The variance formula can be expressed as:
$$ Var(TTC) = Var(g(\theta;z_i)) \simeq \left(\dfrac{\partial P(t|z_i;\theta)}{\partial t}{|t = TTC}\right)^{-2} Var(P(t|z_i;\theta)){|t=TTC} $$
With covariates acting both on parameters tau and alpha
testiscancer$age_crmin <- (testiscancer$age- min(testiscancer$age)) /sd(testiscancer$age)

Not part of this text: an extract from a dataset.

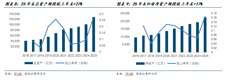 国泰海通:2025年实现营收631.07亿元,同比增长87.40%;实现归母净利润278.09亿元,同比增长113.52%;加权平均ROE为9.78%,同比增加1.64pct。25年公司实现经纪业务净收入151亿元,同比增长93%。25年公司境内股基交易份额8.56%,较上年末+0.03pct,君弘APP及通财APP平均月活1570万户(去重口径),同比增长近12%,均排名行业第一。25年公司实现投资净收入254亿元,同比增长72%,主要是交易性金融工具投资收益增加,吸收合并海通证券后交易性金融资产规模环比增长3%、较上年末增长69%。
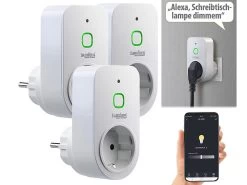 Luminea Home Control 3er-Set WLAN-Steckdosen Mit Energiekostenmesser, App & Sprachsteuerung

fit_m1_ad_tneh <- curesurv(Surv(time_obs, event) ~ z_tau(age_crmin) +
z_alpha(age_crmin),
pophaz = "ehazard",
cumpophaz = "cumehazard",
model = "nmixture", dist = "tneh",
link_tau = "linear",
data = testiscancer,
method_opt = "L-BFGS-B")
#> init 5 2.5 5.5 5 -4 lower 0 -5 1 0 -5 upper 100 100 100 100 100
#> Warning in diag(varcov_star): NAs introduits lors de la conversion automatique
#> Warning in diag(varcov): NAs introduits lors de la conversion automatique
#> non convergence with inititial values 1
#> next evaluation with initial values = 2
#> init 7.5 -1.25 7.75 2.5 3 lower 0 -5 1 0 -5 upper 100 100 100 100 100
#> next evaluation with initial values = 3
fit_m1_ad_tneh
#> Call:
#> curesurv(formula = Surv(time_obs, event) ~ z_tau(age_crmin) +
#> z_alpha(age_crmin), data = testiscancer, pophaz = "ehazard",
#> cumpophaz = "cumehazard", model = "nmixture", dist = "tneh",
#> link_tau = "linear", method_opt = "L-BFGS-B")
#>
#> coef se(coef) z p
#> alpha0 2.87737 0.24078 11.950 < 2e-16
#> alpha_1_(age_crmin) -0.50128 0.07498 -6.685 2.30e-11
#> beta 5.15005 1.04335 4.936 7.97e-07
#> tau0 3.25831 0.55340 5.888 3.91e-09
#> tau_1_(age_crmin) 3.46300 1.23871 2.796 0.00518
#>
#> Estimates and their 95% CI after back-transformation
#> estimates LCI UCI
#> alpha0 2.877 2.405 3.349
#> alpha_1_(age_crmin) 2.376 2.229 2.523
#> beta 5.150 3.105 7.195
#> tau0 3.258 2.174 4.343
#> tau_1_(age_crmin) 6.721 4.293 9.149
#>
#> Cured proportion exp[-(ζ0+ζ*Z)* B((α0+α*Z)β)] and its 95% CI
#> (For each Z of (age_crmin) the others are at reference level)
#>
#> estimates LCI UCI
#> π0z_alpha0 0.9675 0.7989 0.9949
#> π0z_alpha(age_crmin) 0.9601 0.8183 0.9689
#> π(age_crmin)z_alpha0 0.9341 0.6231 0.9900
#> π(age_crmin)z_alpha(age_crmin) 0.9227 0.6613 0.9356
#>
#> log-likelihood: -2544.1 (for 5 degree(s) of freedom)
#> AIC: 5098.2
#>
#> n= 2000 , number of events= 949
#mean of age
newdata1 <- with(testiscancer,
expand.grid(event = 0,
age_crmin = mean(age_crmin),
time_obs = seq(0.001,10,0.1)))
pred_agemean <- predict(object = fit_m1_ad_tneh, newdata = newdata1)
#max of age
newdata2 <- with(testiscancer,
expand.grid(event = 0,
age_crmin = max(age_crmin),
time_obs = seq(0.001,10,0.1)))
pred_agemax <- predict(object = fit_m1_ad_tneh, newdata = newdata2)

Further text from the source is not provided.